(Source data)
* * * * *

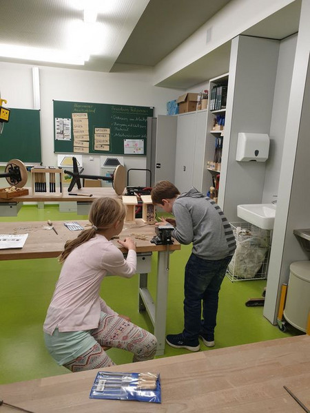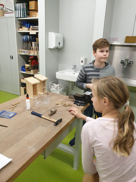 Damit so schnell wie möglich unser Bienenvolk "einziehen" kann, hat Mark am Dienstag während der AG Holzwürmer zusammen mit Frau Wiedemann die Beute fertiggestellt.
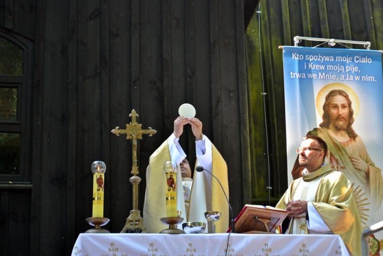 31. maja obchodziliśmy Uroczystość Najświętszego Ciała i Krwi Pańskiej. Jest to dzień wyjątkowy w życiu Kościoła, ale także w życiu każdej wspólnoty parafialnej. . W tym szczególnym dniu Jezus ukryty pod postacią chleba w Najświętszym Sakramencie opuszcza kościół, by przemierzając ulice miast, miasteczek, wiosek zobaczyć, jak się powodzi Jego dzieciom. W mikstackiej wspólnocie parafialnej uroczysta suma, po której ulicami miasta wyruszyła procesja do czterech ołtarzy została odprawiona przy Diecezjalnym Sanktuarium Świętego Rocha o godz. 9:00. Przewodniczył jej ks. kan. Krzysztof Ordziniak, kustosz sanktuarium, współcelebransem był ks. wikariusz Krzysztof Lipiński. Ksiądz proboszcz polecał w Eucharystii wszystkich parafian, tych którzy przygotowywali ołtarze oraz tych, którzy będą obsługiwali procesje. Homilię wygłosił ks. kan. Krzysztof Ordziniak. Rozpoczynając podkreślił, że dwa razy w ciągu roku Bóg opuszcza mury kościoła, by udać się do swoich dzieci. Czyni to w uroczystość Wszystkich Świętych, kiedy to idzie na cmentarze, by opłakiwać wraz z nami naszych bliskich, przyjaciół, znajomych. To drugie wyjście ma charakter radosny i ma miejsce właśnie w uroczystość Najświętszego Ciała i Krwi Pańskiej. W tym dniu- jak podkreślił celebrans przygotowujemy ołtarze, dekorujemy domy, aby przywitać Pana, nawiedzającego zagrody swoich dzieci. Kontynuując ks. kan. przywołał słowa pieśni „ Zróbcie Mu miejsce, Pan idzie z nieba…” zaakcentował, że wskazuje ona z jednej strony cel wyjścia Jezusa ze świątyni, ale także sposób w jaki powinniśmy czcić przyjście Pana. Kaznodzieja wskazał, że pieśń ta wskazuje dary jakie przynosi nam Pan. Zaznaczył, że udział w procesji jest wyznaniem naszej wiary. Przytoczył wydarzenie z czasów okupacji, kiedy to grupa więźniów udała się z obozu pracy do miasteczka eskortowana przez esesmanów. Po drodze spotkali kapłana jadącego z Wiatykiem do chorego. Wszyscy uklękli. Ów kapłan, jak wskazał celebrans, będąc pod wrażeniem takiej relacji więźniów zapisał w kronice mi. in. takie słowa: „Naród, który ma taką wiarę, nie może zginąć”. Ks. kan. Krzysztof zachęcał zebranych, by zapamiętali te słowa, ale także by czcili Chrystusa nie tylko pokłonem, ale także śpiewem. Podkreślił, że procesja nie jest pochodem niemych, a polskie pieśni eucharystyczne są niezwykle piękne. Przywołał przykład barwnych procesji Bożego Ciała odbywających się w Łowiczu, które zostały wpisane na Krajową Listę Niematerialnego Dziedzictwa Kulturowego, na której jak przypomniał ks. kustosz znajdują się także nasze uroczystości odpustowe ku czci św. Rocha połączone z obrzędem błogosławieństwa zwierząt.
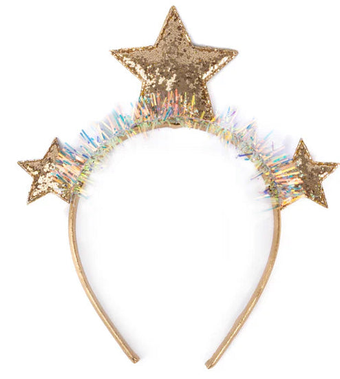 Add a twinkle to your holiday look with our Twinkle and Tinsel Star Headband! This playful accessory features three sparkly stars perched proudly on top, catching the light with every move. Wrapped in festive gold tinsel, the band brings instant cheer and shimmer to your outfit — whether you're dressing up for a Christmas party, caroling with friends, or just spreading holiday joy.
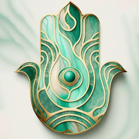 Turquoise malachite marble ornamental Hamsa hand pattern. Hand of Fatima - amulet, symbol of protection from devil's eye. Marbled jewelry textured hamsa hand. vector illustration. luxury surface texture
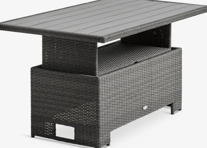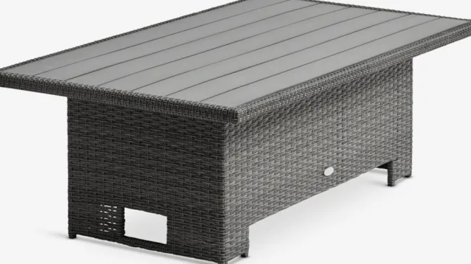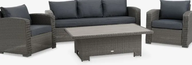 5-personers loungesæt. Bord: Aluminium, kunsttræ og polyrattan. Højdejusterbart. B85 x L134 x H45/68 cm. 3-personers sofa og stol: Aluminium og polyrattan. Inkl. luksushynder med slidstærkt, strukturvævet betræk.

* * * * *

▸ **ABOUT THIS TASK**: Print the entries again exactly as they appear above. Do not print the pictures.

▸ **EXERCISE SOLUTION**:
 Damit so schnell wie möglich unser Bienenvolk "einziehen" kann, hat Mark am Dienstag während der AG Holzwürmer zusammen mit Frau Wiedemann die Beute fertiggestellt.
 31. maja obchodziliśmy Uroczystość Najświętszego Ciała i Krwi Pańskiej. Jest to dzień wyjątkowy w życiu Kościoła, ale także w życiu każdej wspólnoty parafialnej. . W tym szczególnym dniu Jezus ukryty pod postacią chleba w Najświętszym Sakramencie opuszcza kościół, by przemierzając ulice miast, miasteczek, wiosek zobaczyć, jak się powodzi Jego dzieciom. W mikstackiej wspólnocie parafialnej uroczysta suma, po której ulicami miasta wyruszyła procesja do czterech ołtarzy została odprawiona przy Diecezjalnym Sanktuarium Świętego Rocha o godz. 9:00. Przewodniczył jej ks. kan. Krzysztof Ordziniak, kustosz sanktuarium, współcelebransem był ks. wikariusz Krzysztof Lipiński. Ksiądz proboszcz polecał w Eucharystii wszystkich parafian, tych którzy przygotowywali ołtarze oraz tych, którzy będą obsługiwali procesje. Homilię wygłosił ks. kan. Krzysztof Ordziniak. Rozpoczynając podkreślił, że dwa razy w ciągu roku Bóg opuszcza mury kościoła, by udać się do swoich dzieci. Czyni to w uroczystość Wszystkich Świętych, kiedy to idzie na cmentarze, by opłakiwać wraz z nami naszych bliskich, przyjaciół, znajomych. To drugie wyjście ma charakter radosny i ma miejsce właśnie w uroczystość Najświętszego Ciała i Krwi Pańskiej. W tym dniu- jak podkreślił celebrans przygotowujemy ołtarze, dekorujemy domy, aby przywitać Pana, nawiedzającego zagrody swoich dzieci. Kontynuując ks. kan. przywołał słowa pieśni „ Zróbcie Mu miejsce, Pan idzie z nieba…” zaakcentował, że wskazuje ona z jednej strony cel wyjścia Jezusa ze świątyni, ale także sposób w jaki powinniśmy czcić przyjście Pana. Kaznodzieja wskazał, że pieśń ta wskazuje dary jakie przynosi nam Pan. Zaznaczył, że udział w procesji jest wyznaniem naszej wiary. Przytoczył wydarzenie z czasów okupacji, kiedy to grupa więźniów udała się z obozu pracy do miasteczka eskortowana przez esesmanów. Po drodze spotkali kapłana jadącego z Wiatykiem do chorego. Wszyscy uklękli. Ów kapłan, jak wskazał celebrans, będąc pod wrażeniem takiej relacji więźniów zapisał w kronice mi. in. takie słowa: „Naród, który ma taką wiarę, nie może zginąć”. Ks. kan. Krzysztof zachęcał zebranych, by zapamiętali te słowa, ale także by czcili Chrystusa nie tylko pokłonem, ale także śpiewem. Podkreślił, że procesja nie jest pochodem niemych, a polskie pieśni eucharystyczne są niezwykle piękne. Przywołał przykład barwnych procesji Bożego Ciała odbywających się w Łowiczu, które zostały wpisane na Krajową Listę Niematerialnego Dziedzictwa Kulturowego, na której jak przypomniał ks. kustosz znajdują się także nasze uroczystości odpustowe ku czci św. Rocha połączone z obrzędem błogosławieństwa zwierząt.
 Add a twinkle to your holiday look with our Twinkle and Tinsel Star Headband! This playful accessory features three sparkly stars perched proudly on top, catching the light with every move. Wrapped in festive gold tinsel, the band brings instant cheer and shimmer to your outfit — whether you're dressing up for a Christmas party, caroling with friends, or just spreading holiday joy.
 Turquoise malachite marble ornamental Hamsa hand pattern. Hand of Fatima - amulet, symbol of protection from devil's eye. Marbled jewelry textured hamsa hand. vector illustration. luxury surface texture
 5-personers loungesæt. Bord: Aluminium, kunsttræ og polyrattan. Højdejusterbart. B85 x L134 x H45/68 cm. 3-personers sofa og stol: Aluminium og polyrattan. Inkl. luksushynder med slidstærkt, strukturvævet betræk.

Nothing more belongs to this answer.